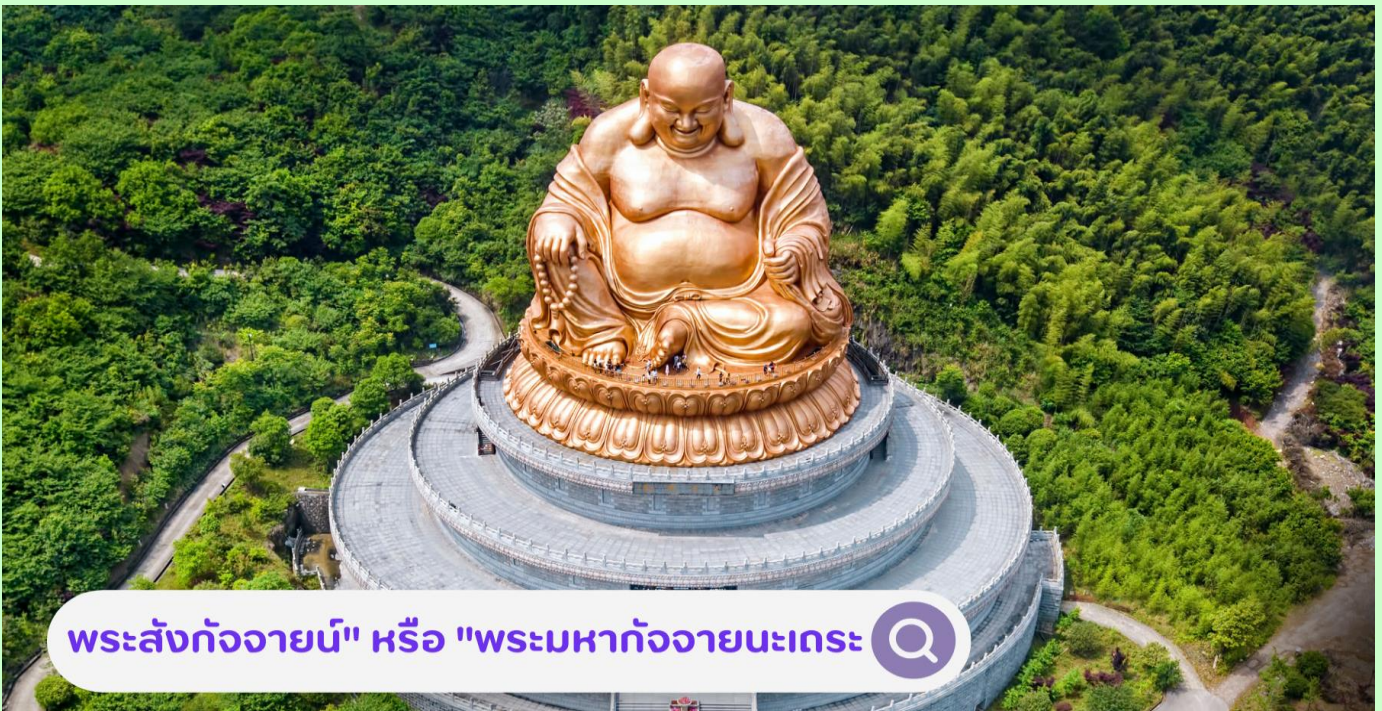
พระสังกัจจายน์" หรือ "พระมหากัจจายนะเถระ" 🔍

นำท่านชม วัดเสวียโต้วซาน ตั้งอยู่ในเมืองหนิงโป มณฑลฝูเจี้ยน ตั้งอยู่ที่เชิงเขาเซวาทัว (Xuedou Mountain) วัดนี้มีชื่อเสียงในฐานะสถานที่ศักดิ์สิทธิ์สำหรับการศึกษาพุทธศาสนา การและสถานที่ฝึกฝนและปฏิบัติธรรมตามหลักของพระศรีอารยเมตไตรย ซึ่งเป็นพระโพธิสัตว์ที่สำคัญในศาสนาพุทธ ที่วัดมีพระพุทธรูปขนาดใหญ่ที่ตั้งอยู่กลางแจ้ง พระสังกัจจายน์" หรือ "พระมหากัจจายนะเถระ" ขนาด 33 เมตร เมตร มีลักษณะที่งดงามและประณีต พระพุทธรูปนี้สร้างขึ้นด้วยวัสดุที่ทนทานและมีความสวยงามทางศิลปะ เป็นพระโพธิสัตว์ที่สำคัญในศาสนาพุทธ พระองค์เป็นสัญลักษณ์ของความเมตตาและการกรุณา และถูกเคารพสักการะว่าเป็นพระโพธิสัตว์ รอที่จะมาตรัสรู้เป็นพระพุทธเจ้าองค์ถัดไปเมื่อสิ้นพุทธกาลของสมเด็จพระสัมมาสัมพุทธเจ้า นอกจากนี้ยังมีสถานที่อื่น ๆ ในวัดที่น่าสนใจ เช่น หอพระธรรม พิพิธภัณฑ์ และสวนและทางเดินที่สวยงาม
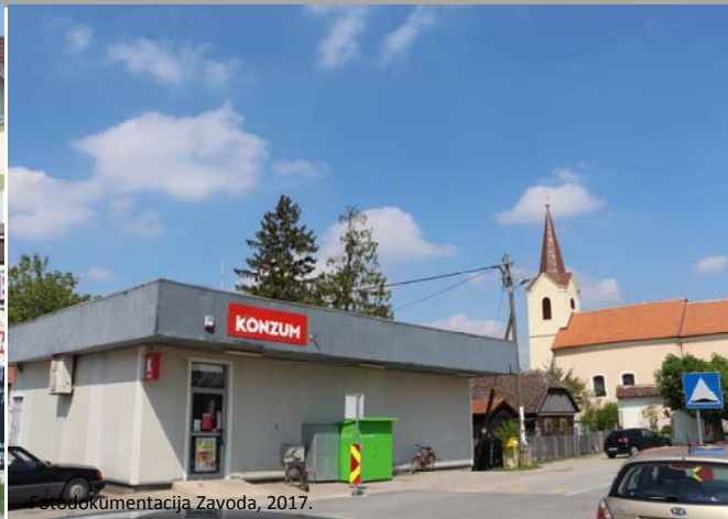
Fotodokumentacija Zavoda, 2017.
·····
Copy every line in the data above that has the string "จจายน" in it.

พระสังกัจจายน์" หรือ "พระมหากัจจายนะเถระ" 🔍
นำท่านชม วัดเสวียโต้วซาน ตั้งอยู่ในเมืองหนิงโป มณฑลฝูเจี้ยน ตั้งอยู่ที่เชิงเขาเซวาทัว (Xuedou Mountain) วัดนี้มีชื่อเสียงในฐานะสถานที่ศักดิ์สิทธิ์สำหรับการศึกษาพุทธศาสนา การและสถานที่ฝึกฝนและปฏิบัติธรรมตามหลักของพระศรีอารยเมตไตรย ซึ่งเป็นพระโพธิสัตว์ที่สำคัญในศาสนาพุทธ ที่วัดมีพระพุทธรูปขนาดใหญ่ที่ตั้งอยู่กลางแจ้ง พระสังกัจจายน์" หรือ "พระมหากัจจายนะเถระ" ขนาด 33 เมตร เมตร มีลักษณะที่งดงามและประณีต พระพุทธรูปนี้สร้างขึ้นด้วยวัสดุที่ทนทานและมีความสวยงามทางศิลปะ เป็นพระโพธิสัตว์ที่สำคัญในศาสนาพุทธ พระองค์เป็นสัญลักษณ์ของความเมตตาและการกรุณา และถูกเคารพสักการะว่าเป็นพระโพธิสัตว์ รอที่จะมาตรัสรู้เป็นพระพุทธเจ้าองค์ถัดไปเมื่อสิ้นพุทธกาลของสมเด็จพระสัมมาสัมพุทธเจ้า นอกจากนี้ยังมีสถานที่อื่น ๆ ในวัดที่น่าสนใจ เช่น หอพระธรรม พิพิธภัณฑ์ และสวนและทางเดินที่สวยงาม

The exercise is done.